BurntSushi/nfldb

How to offset query?

NgoKnows opened this issue · 4 comments

Is it possible to offset the query using the API, I see there is an method for limiting, but not for offset?

Nothing native in the API that I'm aware of, but I believe many of the items that get generated are index-able...

import nfldb

db = nfldb.connect()
q = nfldb.Query(db)
q.game(season_year=2017, season_type='Regular')
for rank, pp in enumerate(q.sort('passing_yds').limit(5).as_aggregate(), 1):
    print rank, pp.player, pp.passing_yds
print '-'*25
for rank, pp in enumerate(q.sort('passing_yds').limit(8).as_aggregate()[3:], 4):
    print rank, pp.player, pp.passing_yds
1 Tom Brady (NE, QB) 714
2 Aaron Rodgers (GB, QB) 654
3 Drew Brees (NO, QB) 647
4 Carson Wentz (PHI, QB) 640
5 Alex Smith (KC, QB) 619
-------------------------
4 Carson Wentz (PHI, QB) 640
5 Alex Smith (KC, QB) 619
6 Carson Palmer (ARI, QB) 601
7 Matt Ryan (ATL, QB) 573
8 Jared Goff (LA, QB) 530

Would this be less performant though, let's say I wanted to offset by 100 for example. Would I then have to do .limit(100 + numberOfRowsIWant) and then load all of those rows into memory rather than doing it at the db level?

¯_(ツ)_/¯...probably?

If my approximately 10 seconds of testing I didn't see a huge difference.

import nfldb
import time

db = nfldb.connect()
q = nfldb.Query(db)
q.game(season_year=2017, season_type='Regular')

start = time.time()
for rank, pp in enumerate(q.sort('passing_yds').limit(5).as_aggregate(), 1):
    print rank, pp.player, pp.passing_yds
print time.time() - start

start = time.time()
for rank, pp in enumerate(q.sort('passing_yds').limit(508).as_aggregate()[503:], 504):
    print rank, pp.player, pp.passing_yds
print time.time() - start
1 Tom Brady (NE, QB) 714
2 Aaron Rodgers (GB, QB) 654
3 Drew Brees (NO, QB) 647
4 Carson Wentz (PHI, QB) 640
5 Alex Smith (KC, QB) 619
0.909999847412
504 Jeff Locke (DET, P) 0
505 Logan Ryan (TEN, CB) 0
506 David Amerson (OAK, CB) 0
507 Terrell McClain (WAS, DT) 0
508 Randall Cobb (GB, WR) 0
1.05400013924

But yeah, if an offset is something you want, it's probably more efficient to do it on the SQL side of things. As limit appears to be passed through in many places to ultimately find it's way into that SQL expression, it may be an easy addition to the library since the SQL syntax changes very little to add an offset to the query

Out of curiosity, what's your scenario for desiring to offset by 100 (or any x)? Something like displaying the 5th page of results where you display 20 per page or something else entirely? Just being nosy...
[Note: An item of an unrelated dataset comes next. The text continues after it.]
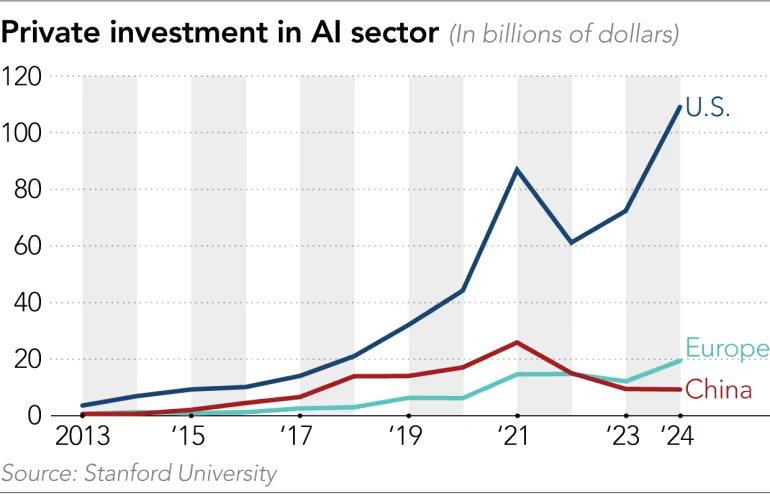 Meanwhile, global private investment in AI continues to concentrate in the United States. Stanford University’s latest data (AI Index 2025 preview) show U.S. private AI investment reaching approximately $110 billion in 2024, compared with a sharp decline in China’s dollar inflows and only modest growth in Europe. The gap has never been wider.

Hmm yeah performance doesn't seem like it would be too bad at all, especially if you're not getting a ridiculous number of rows. Yeah it doesn't look like it would be too hard to add offset to the library, I might give it a shot.

What I'm thinking about doing is showing a graph of some players statistics, and then progressively loading more players as the user reaches the end of the graph, rather than fetch a huge list of stats right away.

I appreciate your responsiveness :)